■ EXERCISE INSTRUCTIONS: Return only the lines of the data below from the line with "夏新款甜美胖mm法式纯欲辣妹无袖连衣裙富家千金收腰显瘦a字短裙" up to and including the line with "Dans Mode couleur, sélectionnez", exactly as written, with the pictures omitted.

■ EXERCISE INPUTS:
※ ※ ※

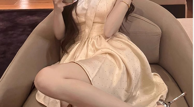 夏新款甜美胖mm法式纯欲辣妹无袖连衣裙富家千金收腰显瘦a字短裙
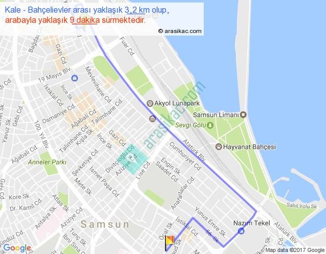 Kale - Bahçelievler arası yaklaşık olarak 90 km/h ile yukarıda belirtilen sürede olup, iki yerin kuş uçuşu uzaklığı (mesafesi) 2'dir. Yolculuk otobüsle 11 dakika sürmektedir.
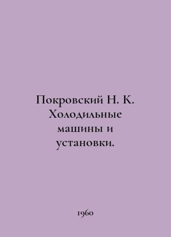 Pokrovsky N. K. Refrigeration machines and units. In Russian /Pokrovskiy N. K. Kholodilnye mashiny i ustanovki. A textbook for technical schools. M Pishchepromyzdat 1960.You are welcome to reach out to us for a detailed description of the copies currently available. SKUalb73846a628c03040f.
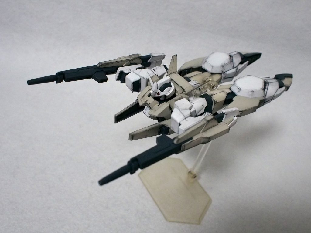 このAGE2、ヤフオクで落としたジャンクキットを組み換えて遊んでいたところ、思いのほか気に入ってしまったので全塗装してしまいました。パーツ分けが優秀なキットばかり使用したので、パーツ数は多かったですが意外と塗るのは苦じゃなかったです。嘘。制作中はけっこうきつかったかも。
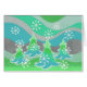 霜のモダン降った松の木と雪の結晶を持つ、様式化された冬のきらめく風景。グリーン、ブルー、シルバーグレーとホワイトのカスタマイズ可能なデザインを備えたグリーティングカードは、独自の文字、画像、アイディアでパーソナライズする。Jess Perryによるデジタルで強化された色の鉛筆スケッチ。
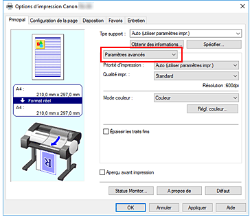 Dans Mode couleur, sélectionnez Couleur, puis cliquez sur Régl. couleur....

※ ※ ※

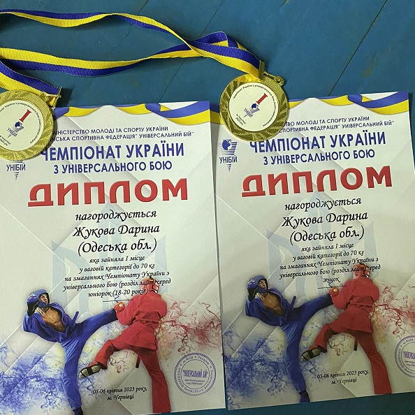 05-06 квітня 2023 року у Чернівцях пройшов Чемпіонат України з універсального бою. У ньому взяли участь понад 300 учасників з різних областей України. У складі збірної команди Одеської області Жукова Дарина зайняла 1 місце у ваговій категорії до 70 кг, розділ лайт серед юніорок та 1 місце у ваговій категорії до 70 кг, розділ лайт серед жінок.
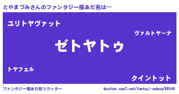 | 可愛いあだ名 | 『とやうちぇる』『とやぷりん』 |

※ ※ ※

■ TASK SOLUTION:
 夏新款甜美胖mm法式纯欲辣妹无袖连衣裙富家千金收腰显瘦a字短裙
 Kale - Bahçelievler arası yaklaşık olarak 90 km/h ile yukarıda belirtilen sürede olup, iki yerin kuş uçuşu uzaklığı (mesafesi) 2'dir. Yolculuk otobüsle 11 dakika sürmektedir.
 Pokrovsky N. K. Refrigeration machines and units. In Russian /Pokrovskiy N. K. Kholodilnye mashiny i ustanovki. A textbook for technical schools. M Pishchepromyzdat 1960.You are welcome to reach out to us for a detailed description of the copies currently available. SKUalb73846a628c03040f.
 このAGE2、ヤフオクで落としたジャンクキットを組み換えて遊んでいたところ、思いのほか気に入ってしまったので全塗装してしまいました。パーツ分けが優秀なキットばかり使用したので、パーツ数は多かったですが意外と塗るのは苦じゃなかったです。嘘。制作中はけっこうきつかったかも。
 霜のモダン降った松の木と雪の結晶を持つ、様式化された冬のきらめく風景。グリーン、ブルー、シルバーグレーとホワイトのカスタマイズ可能なデザインを備えたグリーティングカードは、独自の文字、画像、アイディアでパーソナライズする。Jess Perryによるデジタルで強化された色の鉛筆スケッチ。
 Dans Mode couleur, sélectionnez Couleur, puis cliquez sur Régl. couleur....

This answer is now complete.